PS 57-167 - Wetland bioassessment using Naïve Bayesian indicator species analysis

Wednesday, August 8, 2012
Exhibit Hall, Oregon Convention Center
Donald R. Schoolmaster Jr., Five Rivers Services at US Geological Survey, Lafayette, LA, James B. Grace, U.S. Geological Survey, Wetland and Aquatic Research Center, Lafayette, LA and E. William Schweiger, National Park Service, Fort Collins, CO
Background/Question/Methods

The use of ecological indicators for bioassessment has been rapidly increasing in recent years. Ecological indicators aid assessment of ecological condition to inform regulatory, stewardship, sustainability, or biodiversity decisions. The presence or absence of species themselves has long been used as indicators of habitat type or condition. Because disturbance can both eliminate species that would often be present in an undisturbed site, and allow species to invade a site that they would otherwise be unable to, information on species presence/absence can be used to create assessment tools to quantify the impact of human disturbance. However, since there are multiple factors other than disturbance that can contribute to the presence/absence of a species at a site, accurate use of indicator species requires modeling the joint effects of both natural environmental gradients and human disturbance. Furthermore, because of stochasticity inherent in the presence\absence of species, it is desirable to combine information from multiple indicator species to increase the accuracy of the predictions. Here, we discuss a bioassessment model that addresses these needs.  We develop a Naïve Bayesian multi-indicator species model and apply it to assess the condition of riparian wetland in Rocky Mountain National Park.

Results/Conclusions

We applied this method to wetland data from the National Park Service’s Inventory and Monitoring Program in Rocky Mountain National Park. The data include information on 89 plant species across 38 riparian wetland sites and a suite of covariates.

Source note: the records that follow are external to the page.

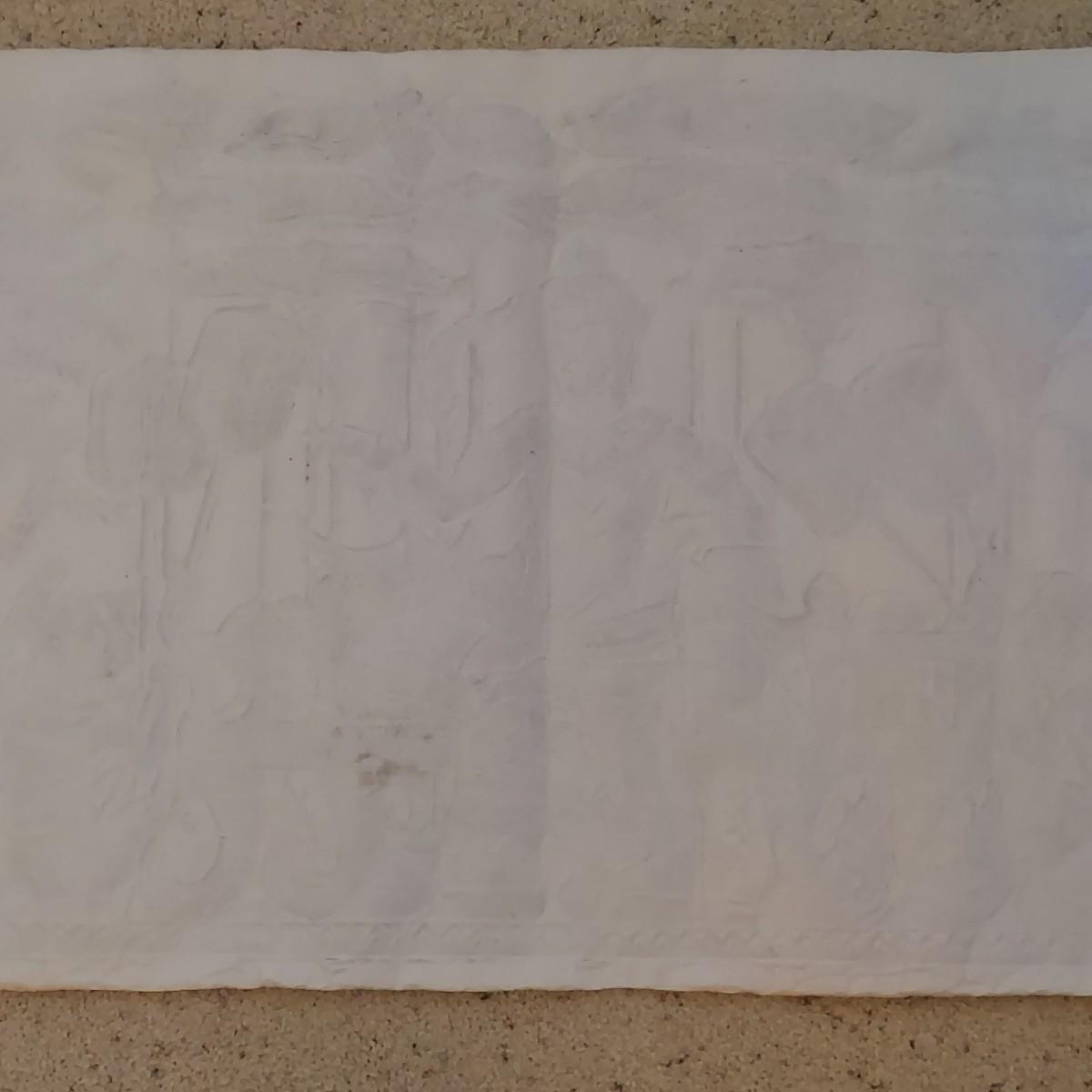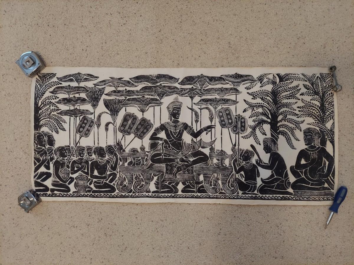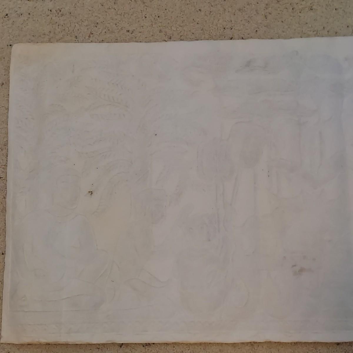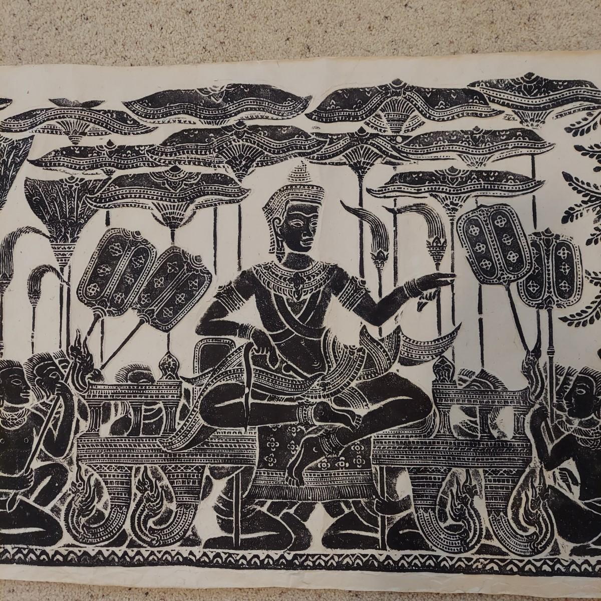 Large paper art piece that appears to be a Cambodian Temple Rubbing. It measures 47” x 21"H. Please see photos for details. Shipping available
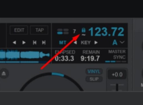 (without the track locked, one can see the BPMs displayed on the deck's platter as one plays the track, locking at any of those BPMs will adjust the entire track to that BPM that at that position, it is pressed/locked)
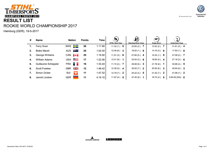 Hela resultatlistan från helgens junior VM i Timbersports där svenske Ferry Svan stod som slutsegrare, gren för gren.
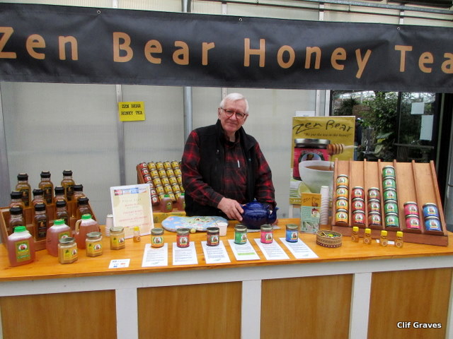 When we were done talking to Farmer Kev, we wandered up and down the mall, looking at the various products. So many good things to sample and see, but we were especially taken with Zen Bear, which sells honey and honey tea. We talked with Frank Ferrel, formerly of Maine Public Broadcasting fame and currently one of the owners of Zen Bear. (He and his wife Lisa run the business.) He told us that the honey comes from Amish farmers in Aroostook County in Maine.
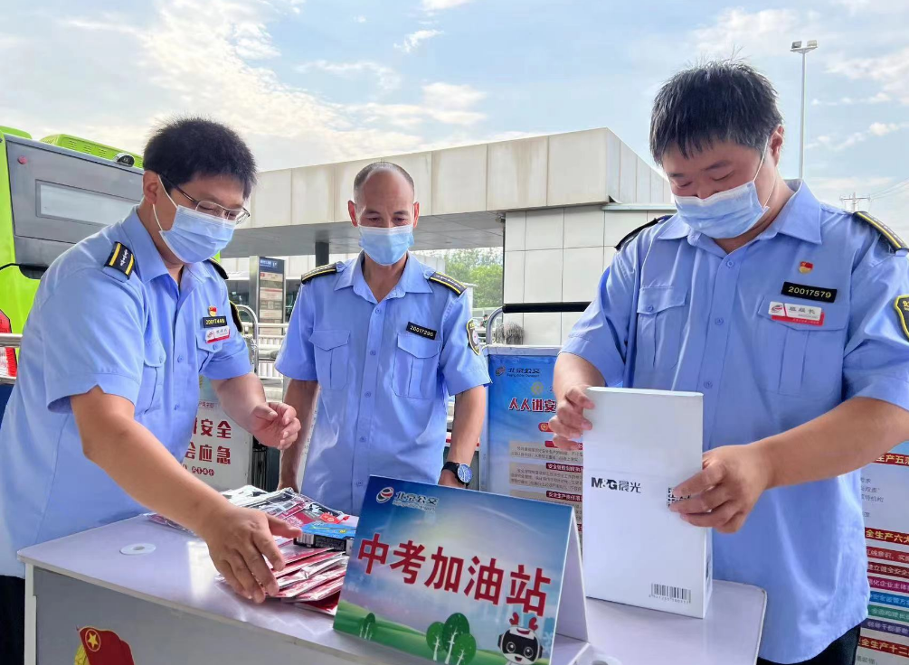 6月24日、25日两天,671路四惠枢纽站设立中考“加油站”,为学生提供矿泉水、防暑药品、签字笔、铅笔、橡皮等考试用具。公交职工还向携带书包的考生提供寄存服务,考生可以将物品暂时寄存在站台,考试结束后回来领取。

Using leave-one-out cross-validation, we modeled the probability of the presence each species as a function of human disturbance and elevation. The resulting parameter estimates were combined with the held-out data on the presence/absence of the species, environmental factors and an uninformative prior to quantify a posterior predictive distribution of the level of human disturbance at the test site. We found that the modes of the predicted posterior distributions were highly correlated with the actual value of human disturbance (r=0.78). These results suggest that Naïve Bayesian multi-indicator species models can be used to make robust assessments of the degree of human impact biological systems and could be a useful tool for bioassessment.